Spesso si sente confrontare i successi degli studi sul cancro con le delusioni di quelli sull’Alzheimer. Esiste davvero una differenza oppure è solo apparenza?

Sono paragoni senza troppo senso. La differenza c’è, ma dipende dal fatto che le ricerche sul cancro sono iniziate 60 anni fa con investimenti enormi, mentre quelle sull’Alzheimer hanno appena un ventennio e solo ora, con l’invecchiamento della popolazione, ci si rende conto della portata del problema. Per il cancro sono stati sviluppati farmaci mirati molto efficaci e tante sue forme, per esempio del seno, hanno elevate percentuali di guarigioni. Invece Alzheimer, Parkinson e altre demenze per ora sono senza cure.

Tutti sanno che esistono tanti diversi tipi di cancro, mentre di Alzheimer e demenze si continua a parlare al singolare, come se fosse un’unica malattia uguale per tutti, curabile con un unico farmaco. Distinguere, anche in questo caso, non aiuterebbe l’opinione pubblica a capire meglio?

Distinguere aiuterebbe sicuramente la comprensione, perché in effetti i tipi di demenza sono diversi: c’è la vascolare, la fronto-temporale, quella con Corpi di Lewy, eccetera. Però l’Alzheimer è sostanzialmente uno solo, con varie forme, ma sintomi identici. C’è quello familiare, ereditario, raro, a inizio precoce, di cui conosciamo i geni che lo causano. E c’è quello più tardivo, detto ‘sporadico’, il più diffuso, di cui è nota la costellazione genetica all’origine. Negli anziani esiste anche l’MCI (mild cognitive impairment), un danno cognitivo lieve, che spesso evolve in Alzheimer. Tutte queste forme di neurodegenerazione complicano la ricerca e penso che potremo fare progressi nelle terapie solo quando ne avremo una mappa completa.

Ormai si è anche capito che l’Alzheimer ha una lunga incubazione silente, perfino vent’anni e più. Una bella complicazione. Come si potrebbe diagnosticare la malattia proprio all’inizio?

Questa scoperta implica intanto che oggi curiamo persone già malate da tempo. Intervenire precocemente sarebbe utile, se ci fossero rimedi. In proposito una sperimentazione clinica con un farmaco contro la β-amiloide è ancora in corso in una comunità del Sud America con elevata incidenza di Alzheimer familiare. Si spera che riduca il numero di soggetti destinati in futuro a sviluppare la demenza. Quanto alla diagnosi precoce si può fare misurando nel liquido cerebro-spinale i livelli di β-amiloide e proteina tau.

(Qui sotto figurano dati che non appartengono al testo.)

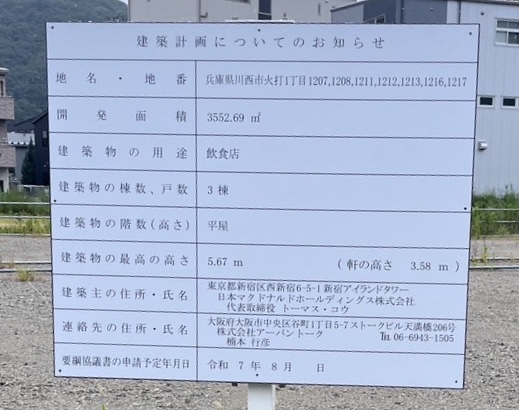 川西市火打の川西警察の前にマクドナルドができるようです!

Alcuni specialisti sostengono che la ricerca sulla neuro-degenerazione può avvalersi dei progressi di altri settori come la sclerosi multipla o il cancro stesso. Lei che cosa ne pensa?

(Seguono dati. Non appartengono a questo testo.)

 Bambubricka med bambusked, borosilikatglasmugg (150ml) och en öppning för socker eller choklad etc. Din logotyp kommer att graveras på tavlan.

Non sono al corrente di punti di contatto fra ricerca sui tumori e demenza, ma gli studi di base possono avere ricadute imprevedibili. Esistono comunque analogie fra le malattie neurodegenerative, pur nelle differenze. Per esempio, tutte inducono neuro-infiammazione e molte, come dicevo, presentano formazione e deposito nel cervello di proteine anomale: la β-amiloide e la tau nell’Alzheimer, la tau nella demenza frontoparietale, la sinucleina nel Parkinson per fare alcuni esempi. Pertanto la ricerca su queste malattie è molto integrata. Direi che è bene essere ottimisti: prima o poi la scienza vincerà anche l’Alzheimer.